Only the lines from the one containing "Kuchyň na míru" to the end of the records belong in the answer; repeat them exactly and drop the pictures.

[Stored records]
===

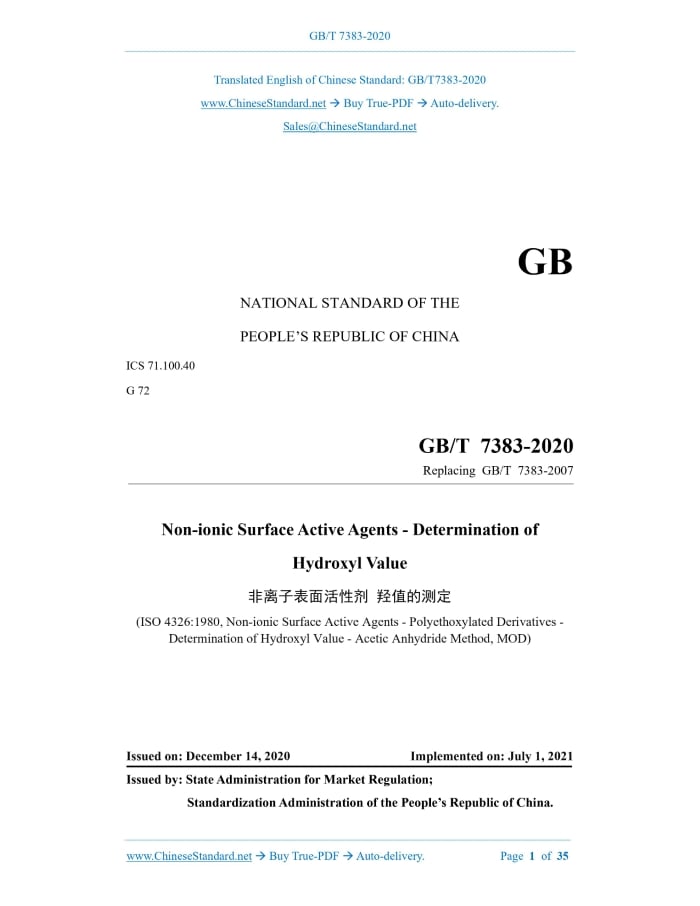 GB/T 7383-2020: Non-ionic surface active agents - Determination of hydroxyl value Delivery: 9 seconds. True-PDF full-copy in English & invoice will be downloaded + auto-delivered via email. See step-by-step procedure Status: Valid GB/T 7383: Historical versions
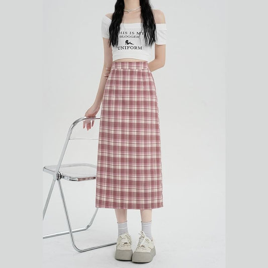 Skirt H-Line Slit Plaid Midi Waist High
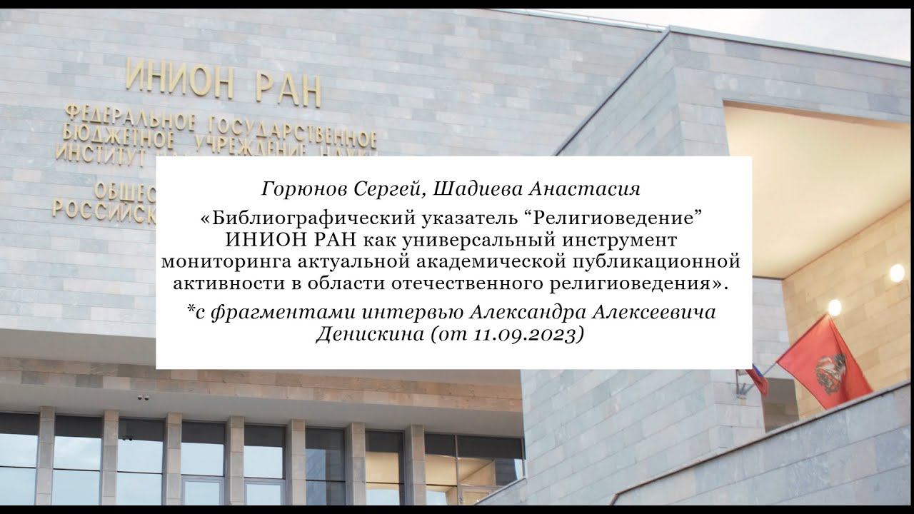 Горюнов Сергей, Шадиева Анастасия. «Библиографический указатель “Религиоведение” ИНИОН РАН как универсальный инструмент мониторинга актуальной академической публикационной активности в области отечественного религиоведения» (с фрагментами интервью Александра Алексеевича Денискина от 11.09.2023). Доклад на VI Конгрессе Русского религиоведческого общества.
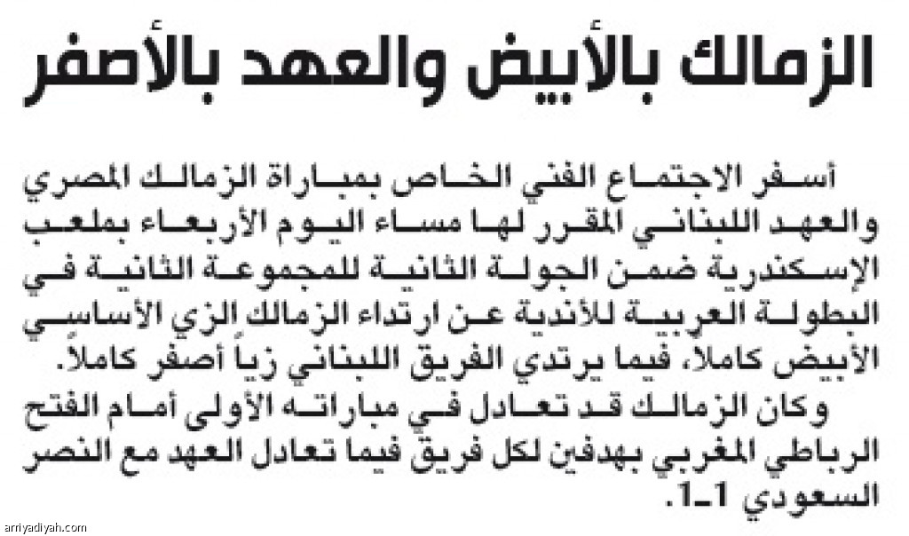 أسفر الاجتماع الفني الخاص بمباراة الزمالك المصري والعهد اللبناني المقرر لها مساء اليوم الأربعاء بملعب الإسكندرية ضمن الجولة الثانية للمجموعة الثانية في البطولة العربية للأندية عن ارتداء الزمالك الزي الأساسي الأبيض كاملاً، فيما يرتدي الفريق اللبناني زياً أصفر كاملاً.
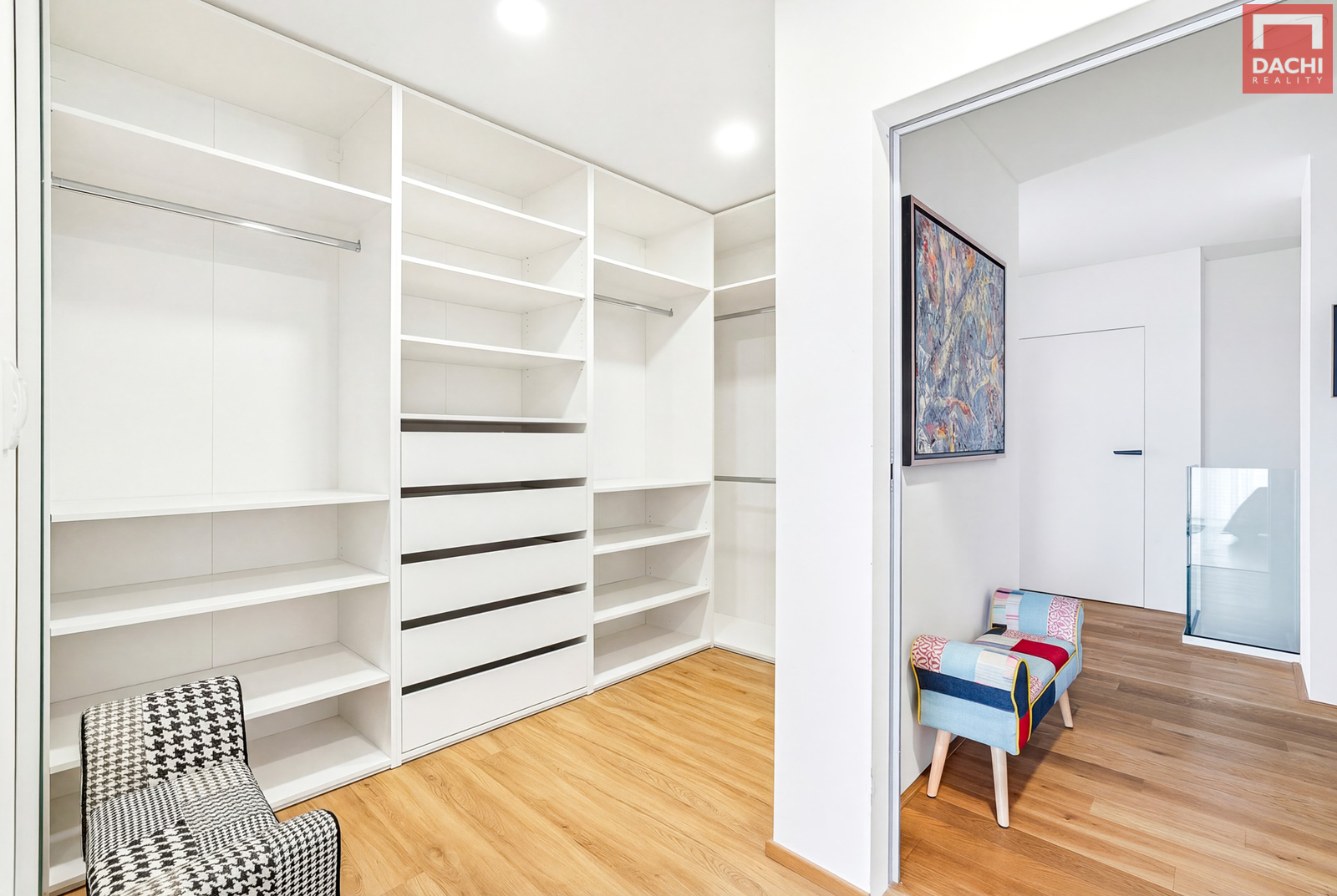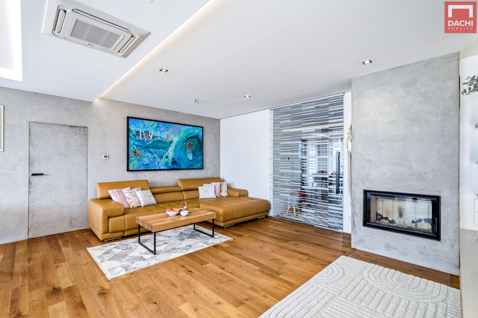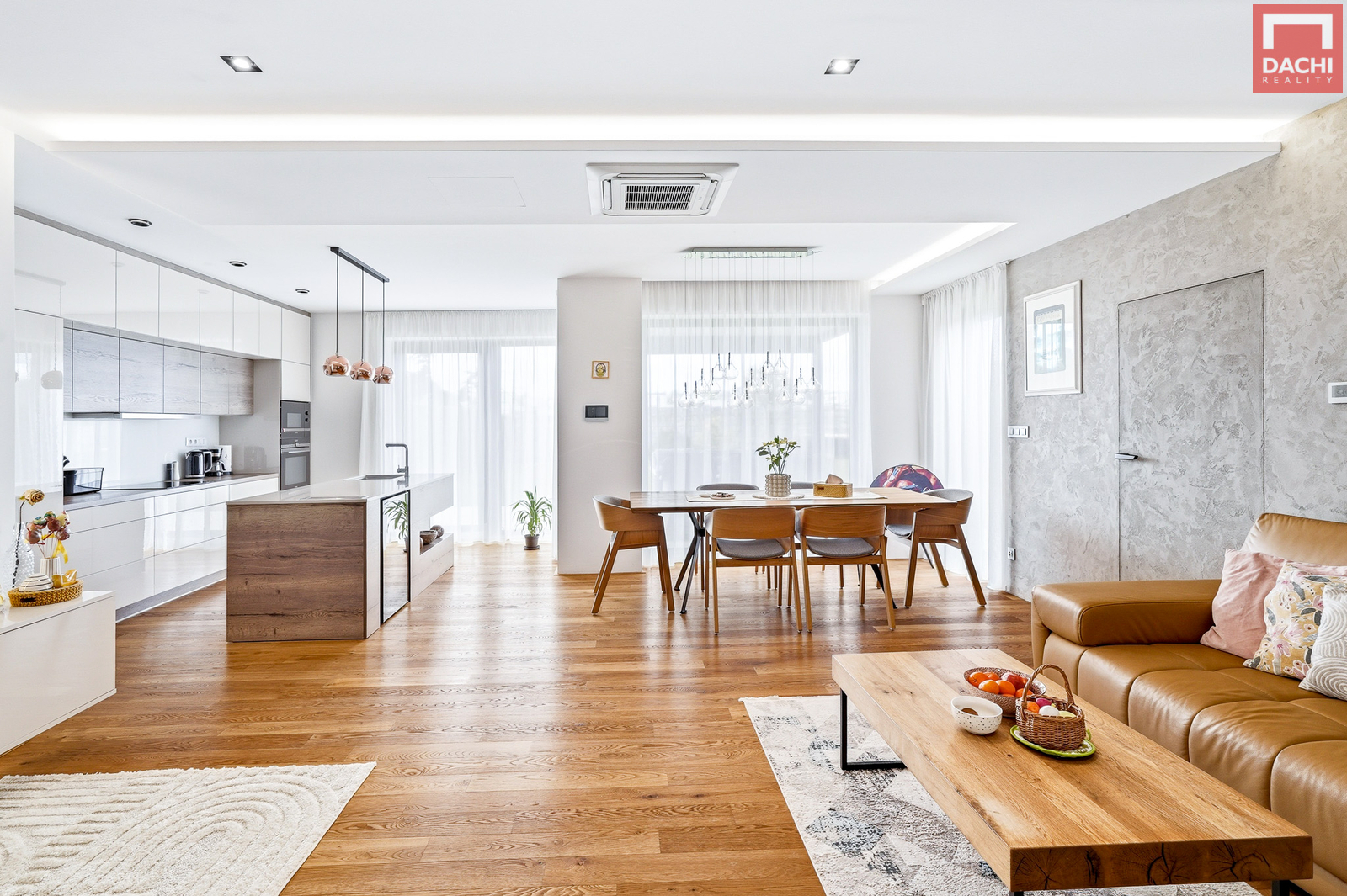 Kuchyň na míru je vybavena značkovými spotřebiči a dominuje jí velkorysý ostrůvek s vestavěnou vinotékou. Na kuchyň plynule navazuje prostorná potravinová spíž o velikosti 3,4 m². Obývací část pak příjemně dotváří krbová vložka.
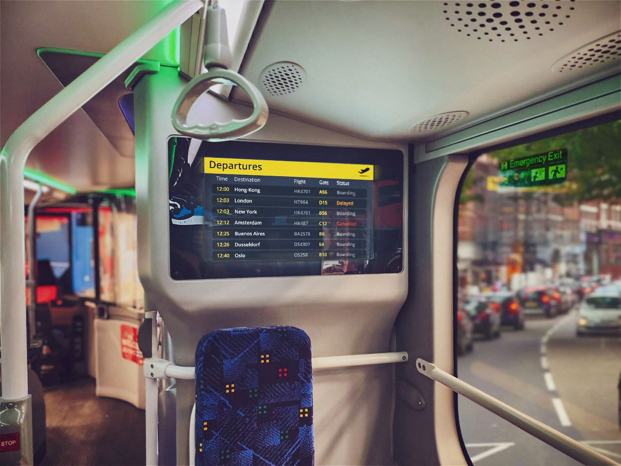 Navaho develops its own software and designs bespoke screen housings to integrate seamlessly with each vehicle. Internal and external displays are engineered to complement vehicle design, while power systems are built for reliability, delivering over 100,000 power-on hours.
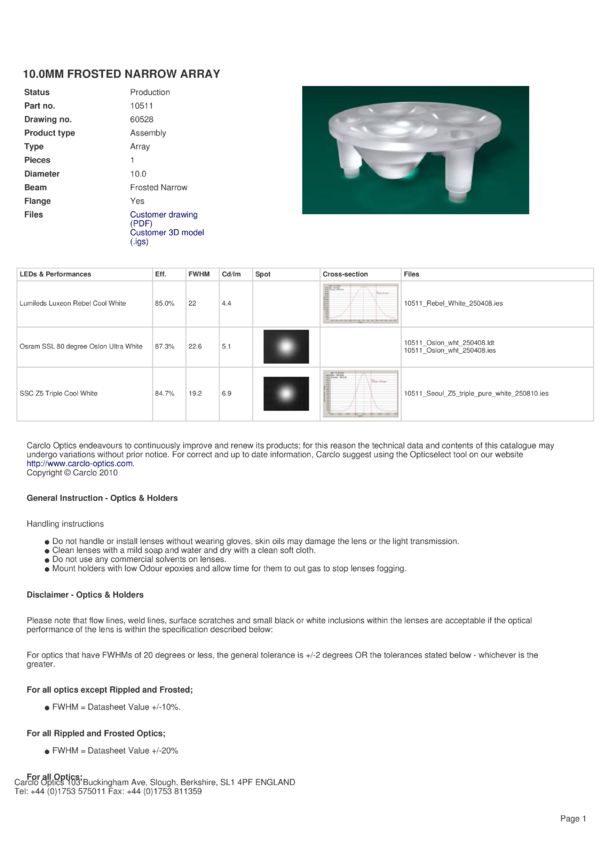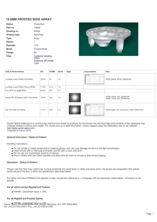 Soczewka Carclo 10509, potrójna, matowa, szeroka, do diod Cree serii XP-E, średnica 20 mm, FWHM (XP-E): 36,7 stopni

===

Result:
 Kuchyň na míru je vybavena značkovými spotřebiči a dominuje jí velkorysý ostrůvek s vestavěnou vinotékou. Na kuchyň plynule navazuje prostorná potravinová spíž o velikosti 3,4 m². Obývací část pak příjemně dotváří krbová vložka.
 Navaho develops its own software and designs bespoke screen housings to integrate seamlessly with each vehicle. Internal and external displays are engineered to complement vehicle design, while power systems are built for reliability, delivering over 100,000 power-on hours.
 Soczewka Carclo 10509, potrójna, matowa, szeroka, do diod Cree serii XP-E, średnica 20 mm, FWHM (XP-E): 36,7 stopni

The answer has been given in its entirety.